In computing, a clone is a hardware or software system that is designed to function in the same way as another system. A specific subset of clones are Remakes (or Remades), which are revivals of old, obsolete, or discontinued products.
Clones and remakes are created for various reasons, including competition, standardization, availability across platforms, and even as homage. Compatibility with the original system is usually the explicit purpose of cloning hardware or low-level software such as operating systems (e.g. AROS and MorphOS are intended to be compatible with AmigaOS). Application software can be cloned simply by providing similar functionality (all word processors have the same basic purpose), but may also be designed to support specific file formats (e.g. OpenOffice.org is intended to supplant Microsoft Office).
Commercially motivated clones are made often during a competitor product's initial successful commercial run, intentionally competing with the original and trying to participate on their success.
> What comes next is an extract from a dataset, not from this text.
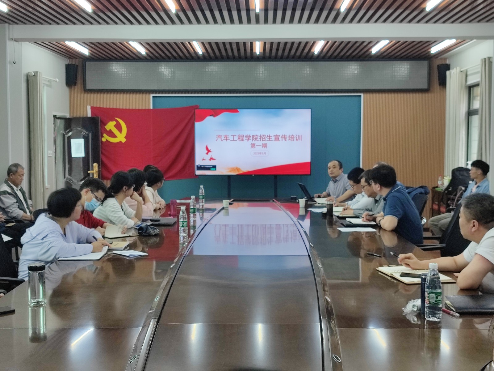 副院长杨正才向大家介绍了2023年的招生计划,就今年首次招生的智能车辆工程专业进行了重点讲解。他介绍了智能车辆工程专业的定位,从师资配置、课程设置和就业方向等方面分析了该专业与车辆工程、新能源汽车工程专业的不同之处。杨正才建议各位老师可结合学校获批“东风HUAT智能汽车产业学院”、学校智能汽车竞赛团队多次在全国比赛中获奖等亮点来积极宣传智能车辆工程专业。

When IBM announced the IBM PC in 1981, other companies such as Compaq decided to offer clones of the PC as a legal reimplementation from the PC's documentation or reverse engineering. Because most of the components, except the PC's BIOS, were publicly available, all Compaq had to do was reverse-engineer the BIOS. The result was a machine with better value than the archetypes that the machines resembled. The use of the term "PC clone" to describe IBM PC compatible computers fell out of use in the 1990s; the class of machines it now describes are simply called PCs, but the early use of the term "clone" usually implied a higher level of compatibility with the original IBM PC than "PC-Compatible", with (often Taiwanese) clones of the original circuit (and possibly ROMs) the most compatible (in terms of software they would run and hardware tests they would pass), while "legitimate" new designs such as the Sanyo MBC-550 and Data General One, while not infringing on copyrights and adding innovations, tended to fail some compatibility tests (such as its ability to run Microsoft Flight Simulator, or any software that bypassed the standard software interrupts and directly accessed hardware at the expected pre-defined locations, or - in the case of the MBC-550 for example, created diskettes which could not be directly interchanged with standard IBM PCs).